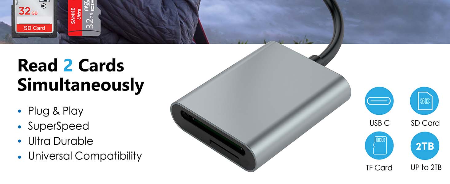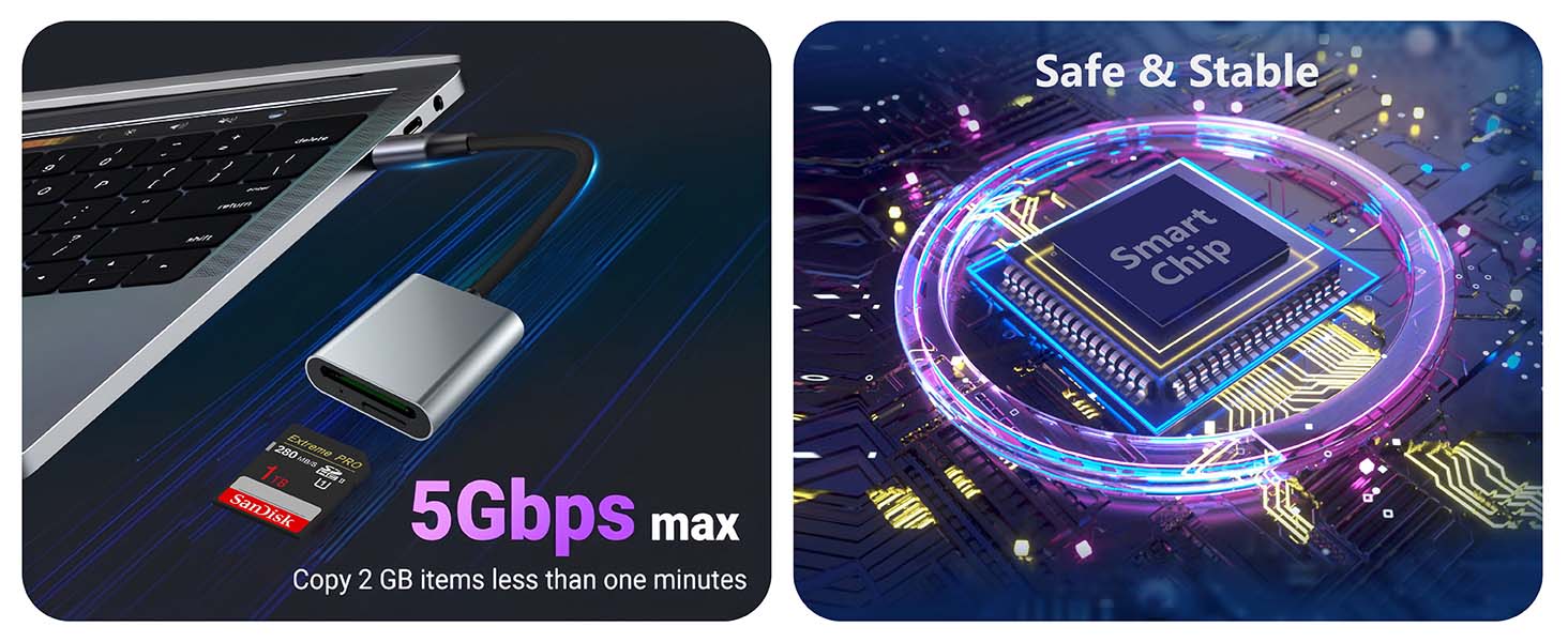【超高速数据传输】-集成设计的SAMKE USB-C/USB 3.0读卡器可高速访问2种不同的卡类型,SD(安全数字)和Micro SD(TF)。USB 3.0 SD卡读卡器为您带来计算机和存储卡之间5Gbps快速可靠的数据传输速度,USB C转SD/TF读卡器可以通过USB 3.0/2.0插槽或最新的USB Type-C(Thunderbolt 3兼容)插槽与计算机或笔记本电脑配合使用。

* * *

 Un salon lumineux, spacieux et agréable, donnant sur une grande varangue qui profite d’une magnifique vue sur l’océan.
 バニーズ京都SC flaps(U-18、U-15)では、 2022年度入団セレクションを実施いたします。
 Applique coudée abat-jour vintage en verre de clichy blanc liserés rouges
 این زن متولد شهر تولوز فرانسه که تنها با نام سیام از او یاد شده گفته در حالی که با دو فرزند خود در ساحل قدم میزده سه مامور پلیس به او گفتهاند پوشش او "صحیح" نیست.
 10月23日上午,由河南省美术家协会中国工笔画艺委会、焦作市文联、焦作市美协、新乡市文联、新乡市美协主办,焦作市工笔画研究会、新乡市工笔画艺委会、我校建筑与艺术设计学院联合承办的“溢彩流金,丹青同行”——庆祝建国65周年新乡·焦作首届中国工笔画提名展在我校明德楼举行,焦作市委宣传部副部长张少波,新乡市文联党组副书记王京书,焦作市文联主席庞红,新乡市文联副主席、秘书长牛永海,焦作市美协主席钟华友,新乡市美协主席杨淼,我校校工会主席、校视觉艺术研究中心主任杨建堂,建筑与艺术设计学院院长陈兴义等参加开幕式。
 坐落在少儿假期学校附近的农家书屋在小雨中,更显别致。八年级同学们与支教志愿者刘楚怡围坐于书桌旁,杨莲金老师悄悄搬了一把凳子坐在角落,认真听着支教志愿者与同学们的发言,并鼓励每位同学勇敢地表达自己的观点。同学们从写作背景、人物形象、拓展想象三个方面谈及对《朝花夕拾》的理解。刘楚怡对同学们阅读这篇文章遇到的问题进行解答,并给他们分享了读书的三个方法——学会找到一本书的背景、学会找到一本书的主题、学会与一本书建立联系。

(What you should do):
Please copy the lines above from the line with "バニーズ京都SC flaps(U-18、U-15)では、 2022年度入団セレクションを実施いたします。" up to and including the line with "坐落在少儿假期学校附近的农家", exactly as written and with nothing else.

(Result):
 バニーズ京都SC flaps(U-18、U-15)では、 2022年度入団セレクションを実施いたします。
 Applique coudée abat-jour vintage en verre de clichy blanc liserés rouges
 این زن متولد شهر تولوز فرانسه که تنها با نام سیام از او یاد شده گفته در حالی که با دو فرزند خود در ساحل قدم میزده سه مامور پلیس به او گفتهاند پوشش او "صحیح" نیست.
 10月23日上午,由河南省美术家协会中国工笔画艺委会、焦作市文联、焦作市美协、新乡市文联、新乡市美协主办,焦作市工笔画研究会、新乡市工笔画艺委会、我校建筑与艺术设计学院联合承办的“溢彩流金,丹青同行”——庆祝建国65周年新乡·焦作首届中国工笔画提名展在我校明德楼举行,焦作市委宣传部副部长张少波,新乡市文联党组副书记王京书,焦作市文联主席庞红,新乡市文联副主席、秘书长牛永海,焦作市美协主席钟华友,新乡市美协主席杨淼,我校校工会主席、校视觉艺术研究中心主任杨建堂,建筑与艺术设计学院院长陈兴义等参加开幕式。
 坐落在少儿假期学校附近的农家书屋在小雨中,更显别致。八年级同学们与支教志愿者刘楚怡围坐于书桌旁,杨莲金老师悄悄搬了一把凳子坐在角落,认真听着支教志愿者与同学们的发言,并鼓励每位同学勇敢地表达自己的观点。同学们从写作背景、人物形象、拓展想象三个方面谈及对《朝花夕拾》的理解。刘楚怡对同学们阅读这篇文章遇到的问题进行解答,并给他们分享了读书的三个方法——学会找到一本书的背景、学会找到一本书的主题、学会与一本书建立联系。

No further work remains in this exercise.